→ Task directions
Through to the final line, write out the records below exactly, omitting any images they contain.

== Segment start ==

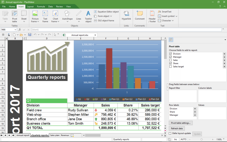 功能强大的电子表格程序PlanMaker可以创建任何复杂的计算,工作表和图表:从简单的时间表到公司的完整财务规划。由于它本身使用XLSX文件格式,因此您可以将Microsoft Excel文件编辑为原始版本。
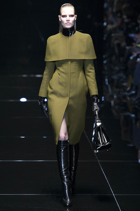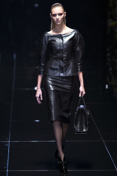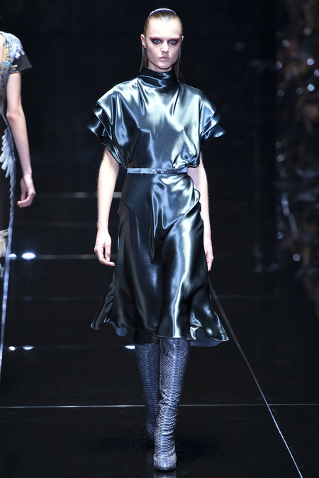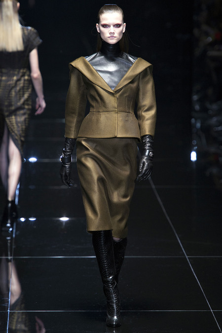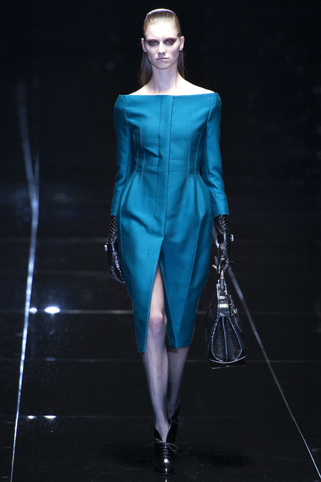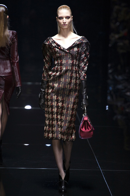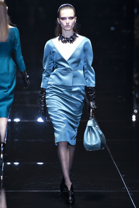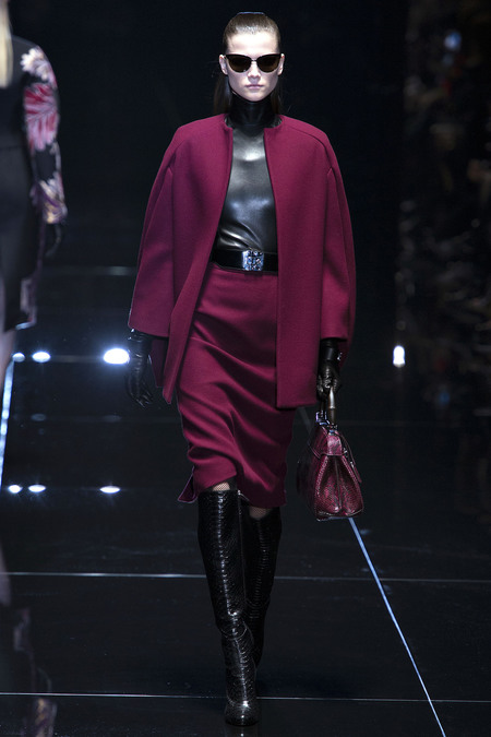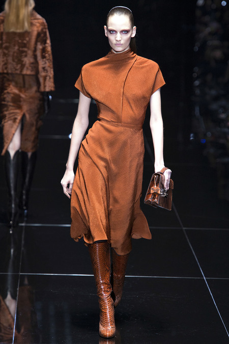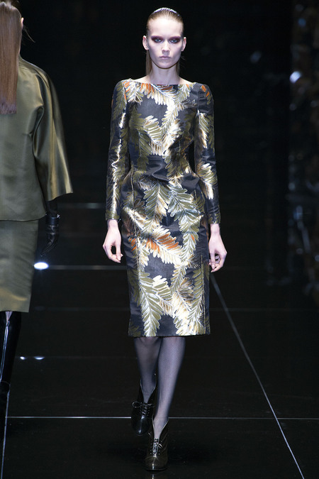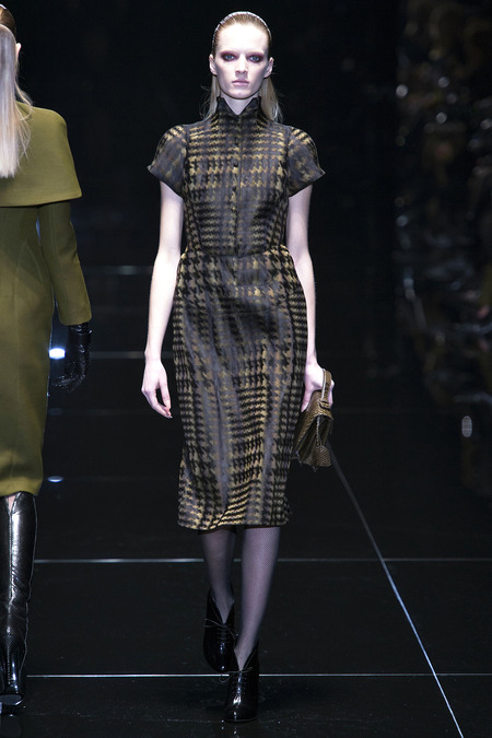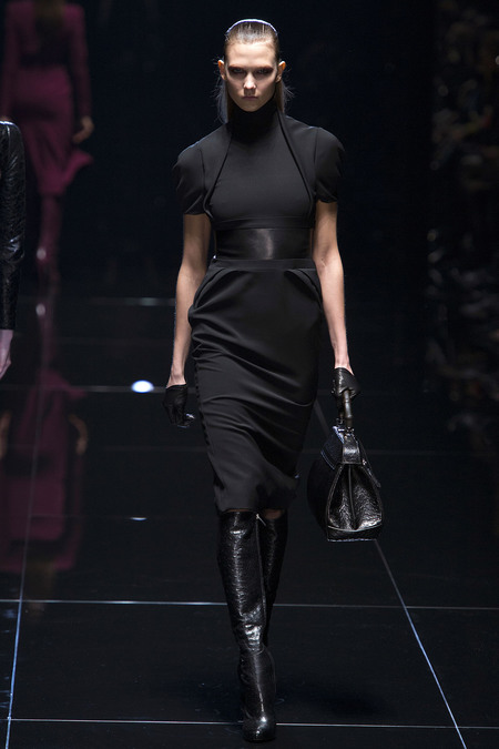 Frida Giannini, Creative Director of Gucci created a dark and moody Fall 2013 Collection. She is a master of transforming the modern woman’s wardrobes that will make them feel strong, powerful and confident.  The separates could work in the boardroom and the streets. The evening gowns detailed with feathers and satins.  Such a luxurious mix of leathers, furs, feathers, and silk satins.  Love it.
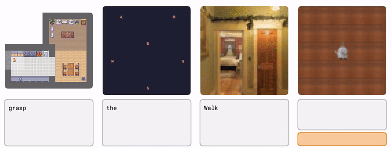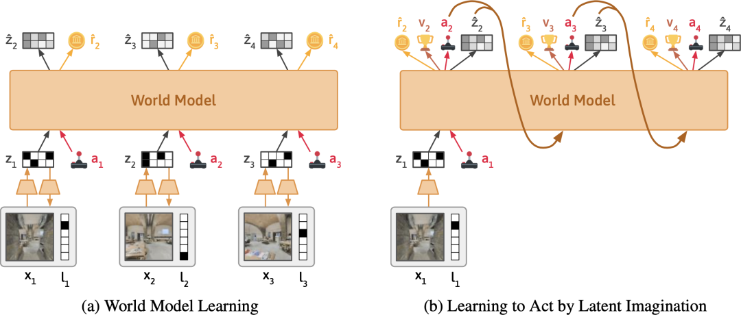 如下图(左)所示,在每个时间步,世界模型将文本和图像压缩成潜在表示。通过这个表示,模型被训练用于重建原始观察结果、预测奖励,并预测下一个时间步的表示。直观地说,世界模型根据它在文本中读到的内容,学习它应该期望在世界中看到什么。
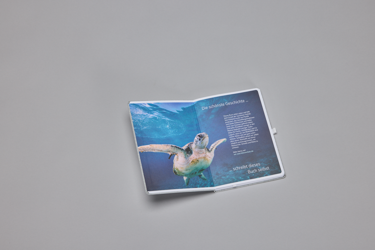 _ Besonderheit: Jeder Einband besteht aus aus dem Meer geborgenem Plastik – leistet aktiven Beitrag zum Umweltschutz
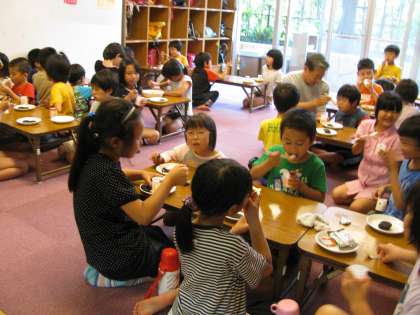 子どもたちと一緒に食べるおやつは,ことのほか美味しかったです。
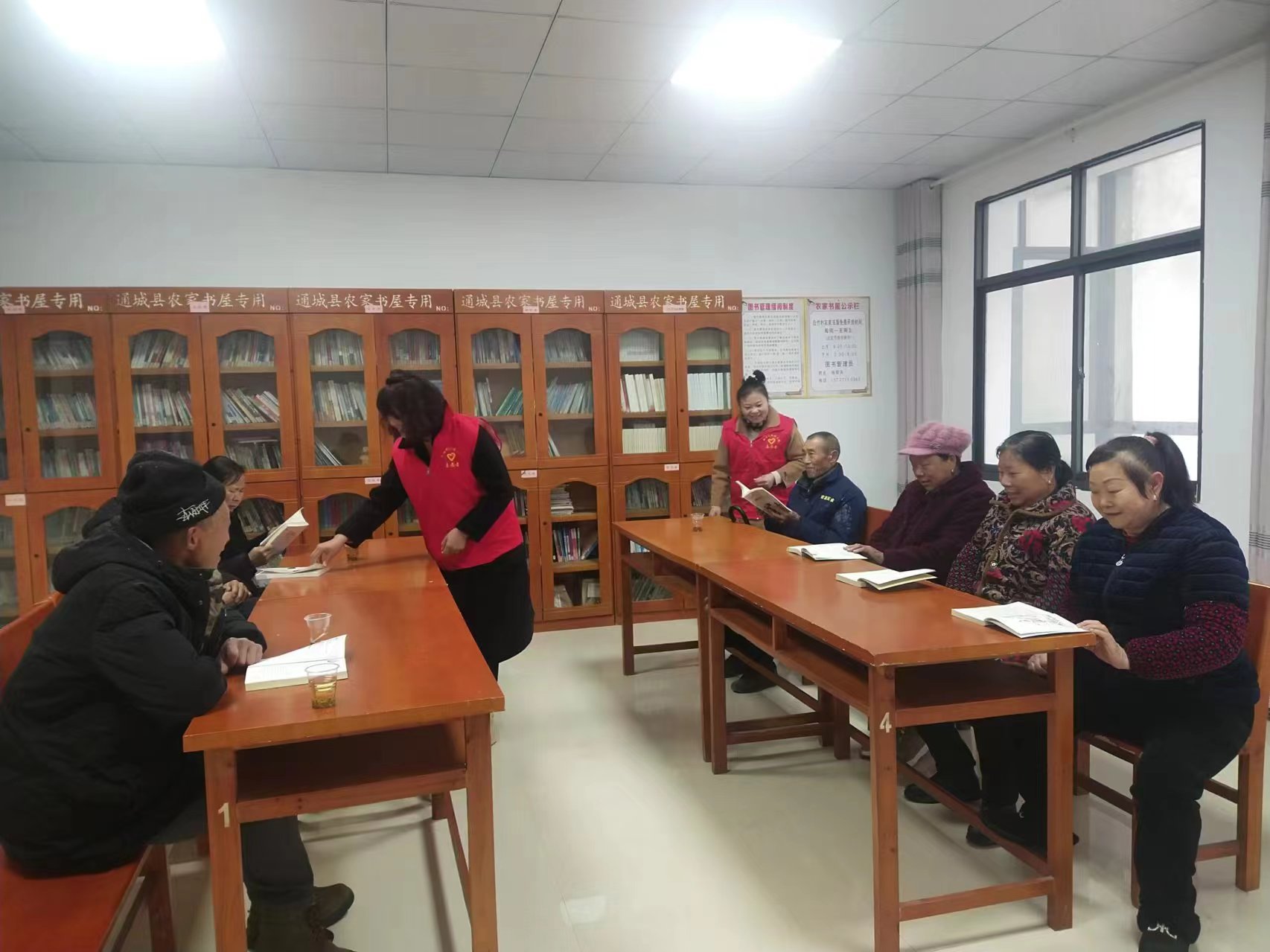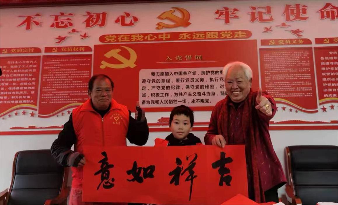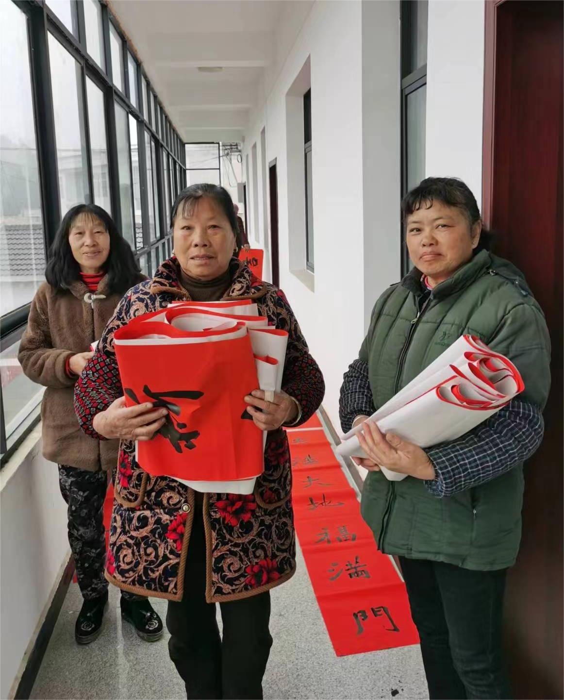 村民们看着手里充满墨香的春联,脸上露出了开心的笑容。“感谢镇里、村里邀请书法协会为我们写春联,让我们可以免费领到满意的春联。你看这字写得多好呀,贴上这样的春联真有年味!”领完春联,村民们又接着参与了主题阅读活动,志愿者向村民们宣传讲解了党的二十大精神和习近平文化思想。
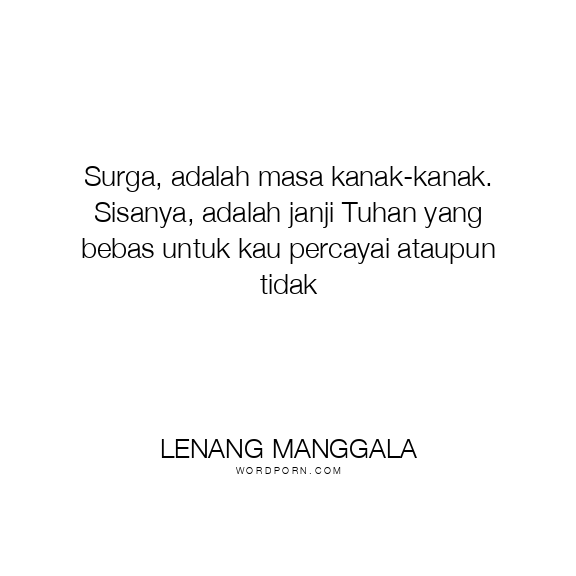 Surga, adalah masa kanak-kanak. Sisanya, adalah janji Tuhan yang bebas untuk kau percayai ataupun tidak
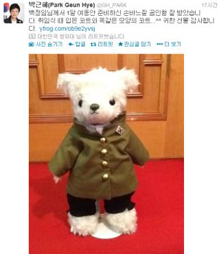 박 대통령은 이 트위터 메시지에 흰색 곰인형 사진도 함께 첨부했다. 사진 속 곰인형은 지난 2월 국회에서 열린 18대 대통령 취임식 때 박 대통령이 입었던 코트와 비슷한 카키색 롱 코트를 입고 있고 있다. 곰인형의 왼쪽 가슴에는 태극기 모양의 배지도 달려 있다.

== Segment end ==

→ Answer for the task
 功能强大的电子表格程序PlanMaker可以创建任何复杂的计算,工作表和图表:从简单的时间表到公司的完整财务规划。由于它本身使用XLSX文件格式,因此您可以将Microsoft Excel文件编辑为原始版本。
 Frida Giannini, Creative Director of Gucci created a dark and moody Fall 2013 Collection. She is a master of transforming the modern woman’s wardrobes that will make them feel strong, powerful and confident.  The separates could work in the boardroom and the streets. The evening gowns detailed with feathers and satins.  Such a luxurious mix of leathers, furs, feathers, and silk satins.  Love it.
 如下图(左)所示,在每个时间步,世界模型将文本和图像压缩成潜在表示。通过这个表示,模型被训练用于重建原始观察结果、预测奖励,并预测下一个时间步的表示。直观地说,世界模型根据它在文本中读到的内容,学习它应该期望在世界中看到什么。
 _ Besonderheit: Jeder Einband besteht aus aus dem Meer geborgenem Plastik – leistet aktiven Beitrag zum Umweltschutz
 子どもたちと一緒に食べるおやつは,ことのほか美味しかったです。
 村民们看着手里充满墨香的春联,脸上露出了开心的笑容。“感谢镇里、村里邀请书法协会为我们写春联,让我们可以免费领到满意的春联。你看这字写得多好呀,贴上这样的春联真有年味!”领完春联,村民们又接着参与了主题阅读活动,志愿者向村民们宣传讲解了党的二十大精神和习近平文化思想。
 Surga, adalah masa kanak-kanak. Sisanya, adalah janji Tuhan yang bebas untuk kau percayai ataupun tidak
 박 대통령은 이 트위터 메시지에 흰색 곰인형 사진도 함께 첨부했다. 사진 속 곰인형은 지난 2월 국회에서 열린 18대 대통령 취임식 때 박 대통령이 입었던 코트와 비슷한 카키색 롱 코트를 입고 있고 있다. 곰인형의 왼쪽 가슴에는 태극기 모양의 배지도 달려 있다.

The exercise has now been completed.